Comme le fait remarquer Binet, des parties d’un individu, des qualités physiques ou morales peuvent aussi agir comme fétiches sur une personne du sexe opposé, si la vue de ces parties de l’individu coïncide accidentellement avec une excitation sexuelle ou si elle en provoque une.

C’est un fait établi par l’expérience que cette association d’idées dépend du hasard, que l’objet fétiche peut être très varié, et qu’il en résulte les sympathies les plus étranges de même que les antipathies les plus curieuses.

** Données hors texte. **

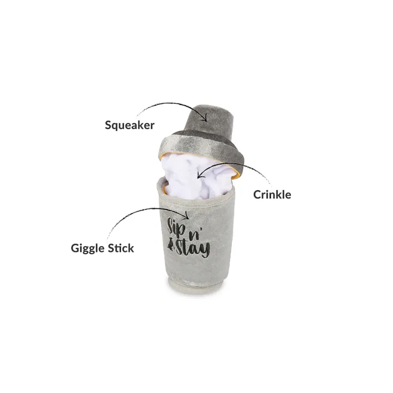 Original juguete de peluche con forma de coctelera, con sonido tipo giggle stick, squeaker y efecto crujiente que estimulan el juego interactivo y la curiosidad de tu mascota.

Ce fait physiologique du fétichisme explique les sympathies individuelles entre homme et femme, la préférence qu’on donne à une personne déterminée sur toutes les autres du même sexe. Comme le fétiche ne représente qu’un symbole individuel, il est évident que son impression ne peut se produire que sur un individu déterminé. Il évoque de très fortes sensations de plaisir ; par suite il fait, par un trompe-l’œil, disparaître les défauts de l’objet aimé – (l’amour rend aveugle) – et provoque une exaltation fondée sur l’impression individuelle, exaltation qui paraît aux autres inexplicable et même ridicule. On s’explique ainsi que l’homme calme ne puisse pas comprendre l’amoureux qui idolâtre la personne aimée, en fait un véritable culte et lui attribue des qualités que celle-ci, vue objectivement, ne possède nullement. Ainsi s’explique également le fait que l’amour devient plus qu’une passion, qu’il se présente comme un état psychique exceptionnel dans lequel l’impossible paraît possible, le laid semble beau, le vulgaire sublime, état dans lequel tout autre intérêt et tout autre devoir disparaissent.

Tarde (Archives de l’anthropologie criminelle, 5e année, nº 3) fait judicieusement ressortir que, non seulement chez les individus mais aussi chez les nations, le fétiche peut être différent, mais que l’idéal général de la beauté reste toujours le même chez les peuples civilisés de la même époque.